CosineSimilarity

Returns the similarity between two embedding vectors as a number between -1 (opposite) and 1 (similar).

Format

CosineSimilarity ( v1 ; v2 )

Parameters

v1 and v2 - any text expression, text field, or container field that contains embedding vectors.

Data type returned

number

Originated in version

21.0

Description

This function returns a measure of the similarity between two embedding vectors using the cosine method. For embedding vectors, cosine similarity gives a useful measure of how similar two text values are likely to be. Results range from -1 to 1 (inclusive), with values closer to 1 indicating higher semantic similarity, 0 indicating no similarity, and -1 indicating dissimilarity.
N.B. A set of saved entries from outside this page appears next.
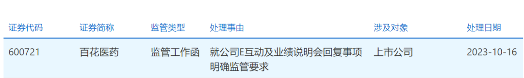 同日晚,上交所也向百花醫(yī)藥下發(fā)監(jiān)管工作函,處理事由為:就公司E互動及業(yè)績說明會回復(fù)事項(xiàng)明確監(jiān)管要求。
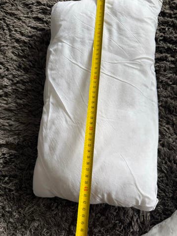 Het kussen is wit. Met een leuke nieuwe sloop weer zo goed als nieuw. Het kussen heeft een rechthoekige vorm, zoals te zien is op de foto's. De afmetingen zijn ongeveer 45 cm lang en 20 cm breed.
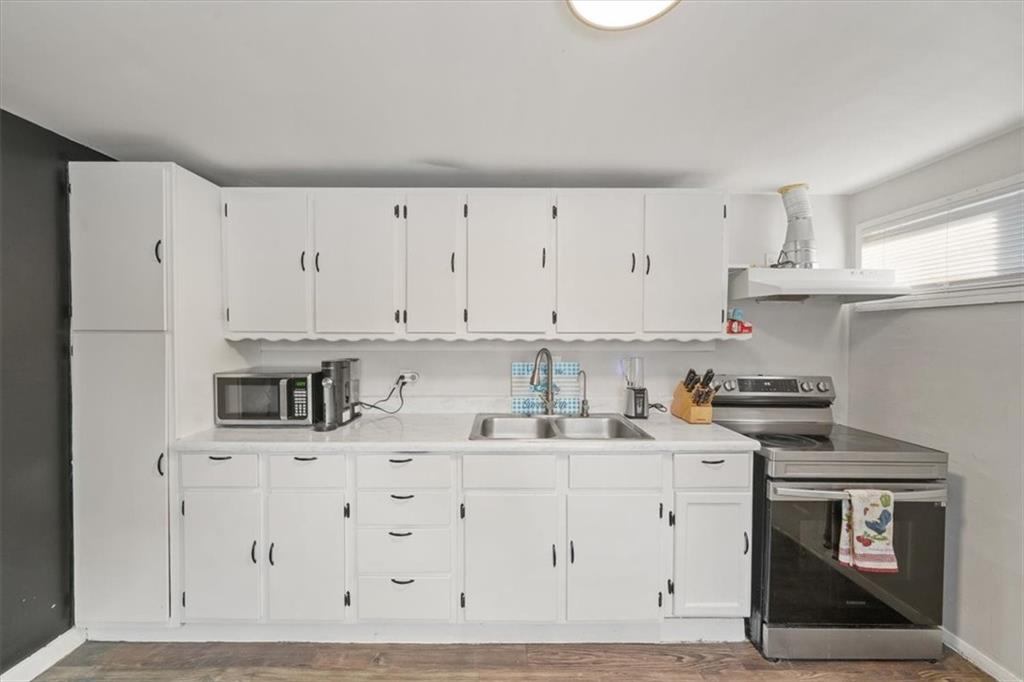 Welcome to a bright and refreshed home that offers far more space than you’d expect. Inside, you’ll find updated flooring throughout, fresh paint, modern lighting, and thoughtful touches that make each room feel warm and inviting. The living area brings in great natural light and is anchored by a clean accent wall, built-in shelving, and a sleek ceiling fan. The oversized kitchen provides an impressive amount of storage, updated counters, newer appliances, and plenty of room to add a dining setup or coffee bar. This home offers flexible living with multiple bedrooms and bonus spaces that can easily serve as offices, playrooms, or creative studios. Each room has been improved with updated floors, modern fixtures, and appealing neutral finishes to make the home move-in ready. The renovated bathroom features fresh tile, a newer vanity, and a clean, modern look. A dedicated laundry area adds even more convenience and storage options. With its mix of updates, versatility, and useful square footage, this home is a strong fit for anyone needing extra rooms or multi-use spaces without sacrificing comfort or style.
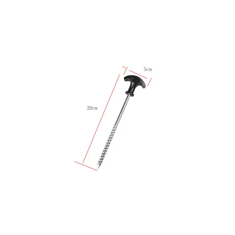 Название продукта: не ржавеющие спиральные Т-образные напольные гвозди для палатки Характеристики: ширина 5 см длина 20 см Вес: 66,7 г Размер упаковки: 9*1*30 см Материал: оцинкованное железо Цвет: серебристый Преимущества: без ржавчины, легко чистить после использования, можно мыть непосредственно. Материал прочный и не легко сломать. Спиральные длинные и толстые Т-образные ногти, подходят для использования на твердом холодном грунте или льду. Материал прочный и не легко ломается и обладает сильной защитой от ветра.
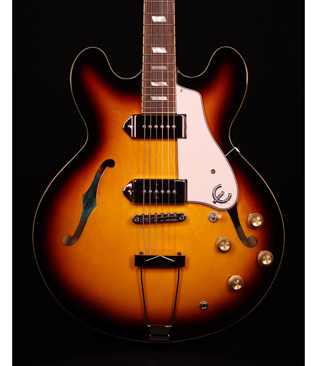 The Epiphone Casino is one of the most iconic semi-hollow guitars ever made—famous for its bright, open tone and unmistakable chime. The fully hollow ES-style body, slim comfortable neck, and a pair of vintage-voiced P-90 Dogear pickups create a lively, resonant character that responds beautifully to touch and dynamics. Finished in Vintage Sunburst, this Casino captures the classic look and sound that defined countless legendary recordings and performances.
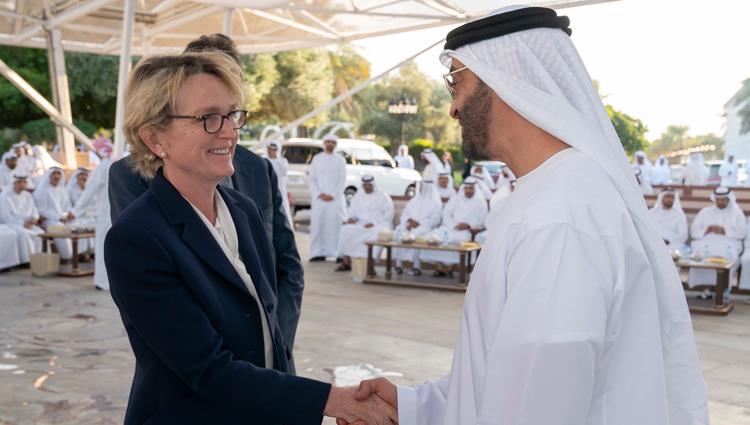 كما استقبل الشيخ محمد بن زايد آل نهيان السيدة كلود شيراك، ابنة الرئيس الفرنسي الأسبق الراحل جاك شيراك، التي تزور الدولة لحضور إطلاق إسم والدها على أحد الشوارع في أبوظبي.
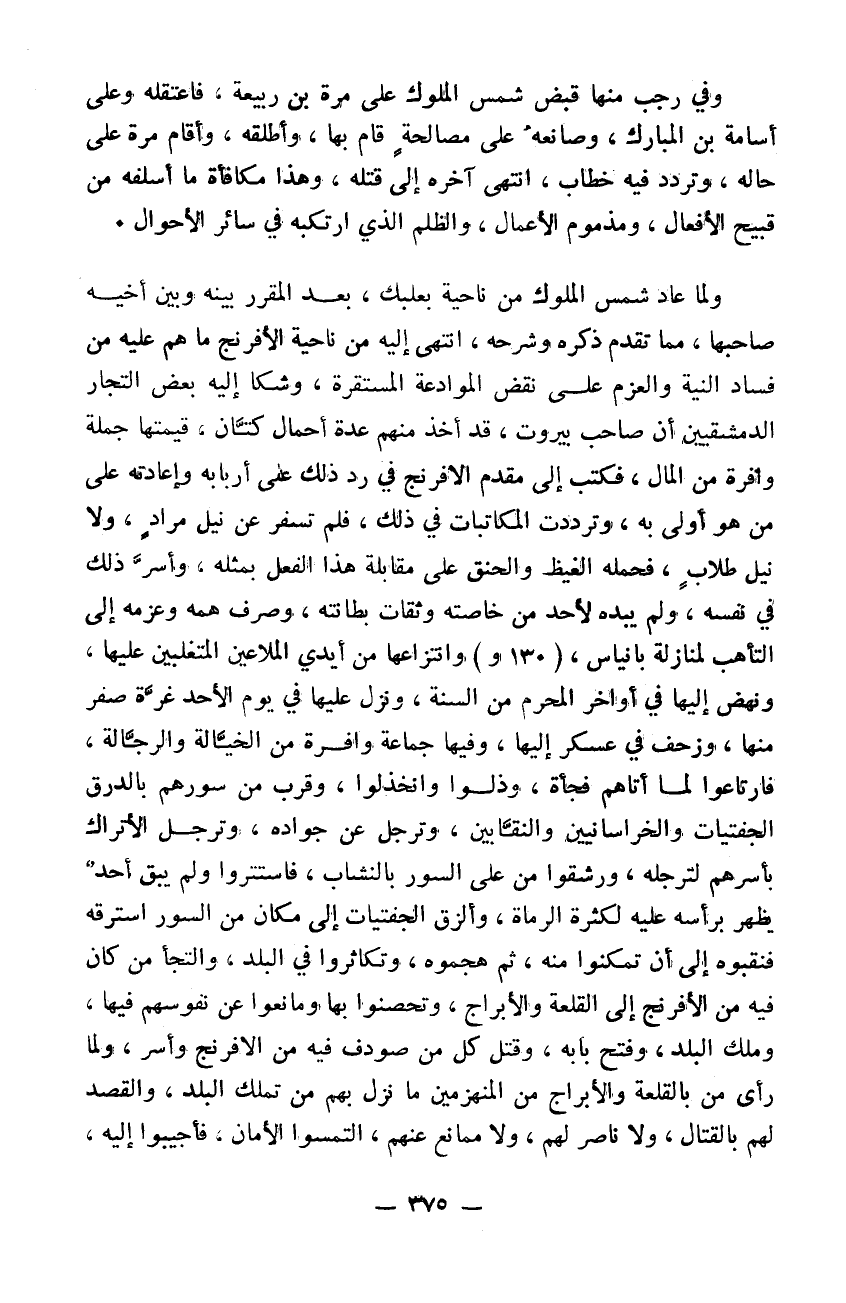 وفي رجب منها قبض شمس الملوك على مري بن ربيعة فاعتقله وعلى أسامة بن المبارك وصانعه على مصالحة قام بها وأطلقه وأقام مري على حاله وتردد فيه خطاب انتهى آخره إلى قتله وهذا مكافأة ما أسلفه من قبيح الأفعال ومذموم الأعمال والظلم الذي ارتكبه في سائر الأحوال ولما عاد شمس الملوك من ناحية بعلبك بعد المقرر بينه وبين أخيه صاحبها مما تقدم ذكره وشرحه انتهى إليه من ناحية الافرنج ما هم عليه من فساد النية والعزم على نقض الموادعة المستقرة. وشكا إليه بعض التجار الدمشقيين إن صاحب بيروت قد أخذ منهم عدة حمال كتان قيمتها جملة وافرة من المال فكتب إلى مقدم الافرنج في رد ذلك على أربابه وإعادته على من هو أولى به وترددت المكاتبات في ذلك فلم تسفر عن نيل مراد ولا نيل طلاب فحمله الغيظ والحنق على مقابلة هذا الفعل بمثله وأسر ذلك في نفسه ولم يبده لأحد من خاصته وثقات بطانته وصرف همه وعزمه إلى التأهب لمنازلة بانياس وانتزاعها من أيدي الملاعين المتغلبين عليها ونهض إليها في أواخر المحرم من السنة ونزل عليها في يوم الأحد غرة صفر منها وزحف في عسكر إليها وفيها جماعة وافرة من الخيالة والرجالة فارتاعوا لما أتاهم فجأةً وذلوا وانخذلوا وقرب من سورهم بالدرق الجفتيات والخراسانيين والنقابين وترجل عن جواده وترجل الأتراك بأسرهم لترجله ورشقوا من على السور بالنشاب فاستتروا ولم يبق أحد يظهر برأسه عليه لكثرة الرماة وألزق الجفتيات إلى مكان من السور استرقه فنقبوه إلى أن تمكنوا منه ثم هجموه وتكاثروا في البلد. والتجأ من كان فيه من الافرنج إلى القلعة والأبراج وتحصنوا بها ومانعوا عن نفوسهم فيها وملك البلد وفتح بابه وقتل كل من صودف فيه من الافرنج وأسر. ولما رأى من بالقلعة والأبراج من المنهزمين ما نزل بهم من تملك البلد والقصد لهم بالقتال ولا ناصر لهم ولا ممانع عنهم التمسوا الأمان فأجيبوا إليه

If v1 and v2 are text, they must be in the form of JSON arrays. The vectors must also have the same dimensions (the number of elements in the arrays must be the same). Typically, though, using embedding vectors as binary container data improves performance.

Notes

Normalized embedding vectors are required. All embedding vectors must be generated from the same model to ensure compatibility and performance; mixing embedding vectors from different models isn't supported.

Example 1

CosineSimilarity ( "[-0.043686170000000003333, 0.042094484000000001456, ... ]" ; "[-0.049242082999999998993, 0.040926795000000001923, ... ]" ) returns .90848158767415143622 for a particular model.

Example 2

CosineSimilarity ( v1 ; v2 ) returns .54682693950088512302 for a particular model when the v1 and v2 fields contain embedding vectors for the text "Claris" and "Claire," respectively.